Sulzberger family capitulates on NYT outside directors

The New York Times today carries the news that,

"The New York Times Company has struck a deal with a pair of hedge funds that want to shake up the company, giving the funds two seats on the board in order to avoid a proxy fight, the two sides announced Monday."

This represents the first time the Sulzberger family has compromised with ordinary shareholders (Class A stock) who own roughly 90% of the equity, but who can only elect a minority of shareholders. The terms of the agreement not only allow the hedge funds two seats on the board, they expand the board and slightly lower the percentage of directors elected by the Class B shareholders, a Sulzberger family trust.

Under the new arrangements one outside director will be added, raising that total from 4 to 5, while one inside (elected by the family trust) director will also be added, raising that total from 9 to 10. The outside directors go from 30.8% (4 out of 13) of the board to 33.3% (5 out of 15) of the board.

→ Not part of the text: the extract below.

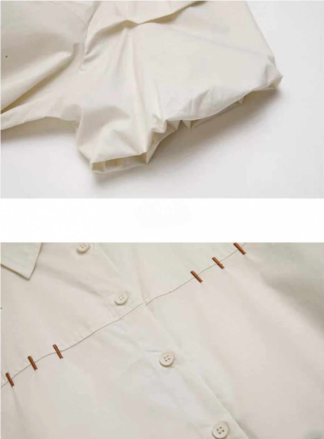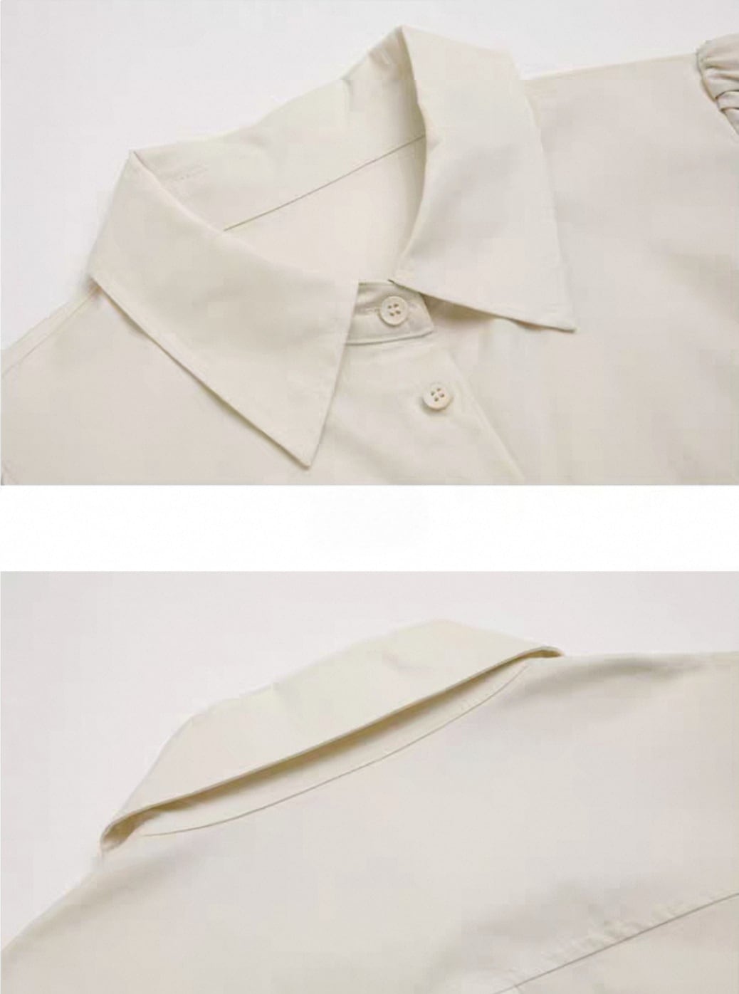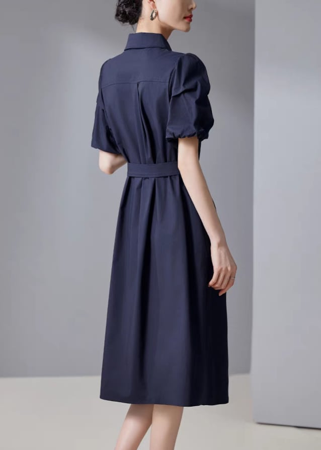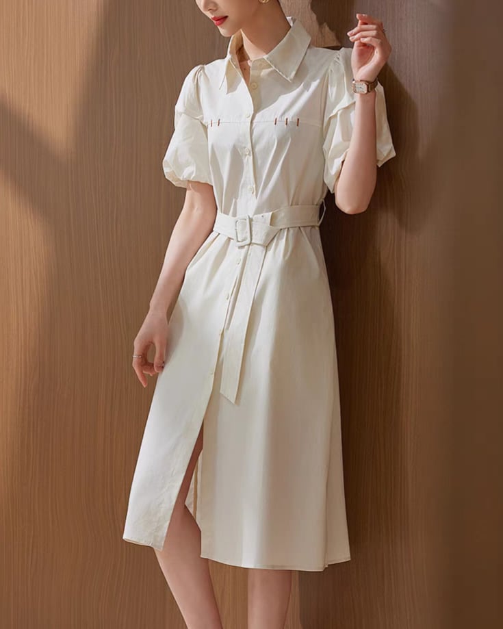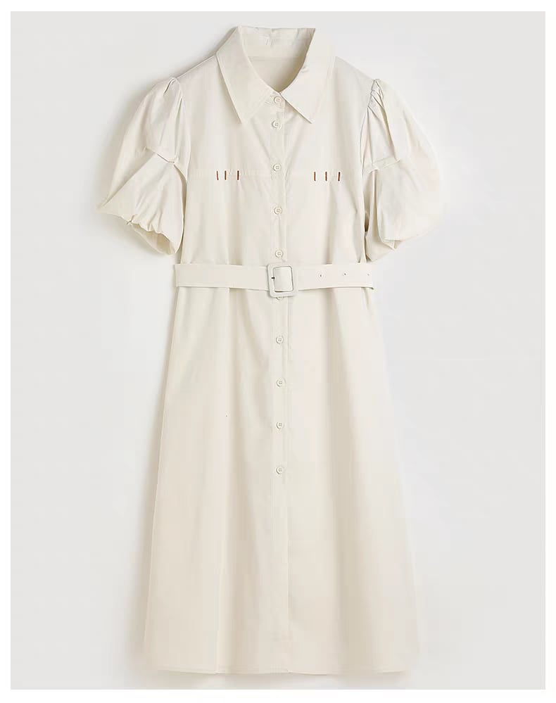 クラシックなシャツ襟デザインに、フェミニンなパフスリーブを組み合わせた上品な印象のワンピースです。

The two new outside directors, Scott Galloway and James Kohlberg, will now gain access to internal data. They may, in theory, determine that management is doing a good job. Or they may add significant insight which will influence the Sulzberger's directors to change company policy and strategy. The third possibility is that they will find themselves opposed to the policies of the majority of the board, and will seek to change the board's opinion by lobbying members of the family, or by going public.

It is far too soon to know what will happen, But since the Times still has a valuable brand franchise and has not done a very good job exploiting new technologies, I would think alternatives two and three are more likely than one.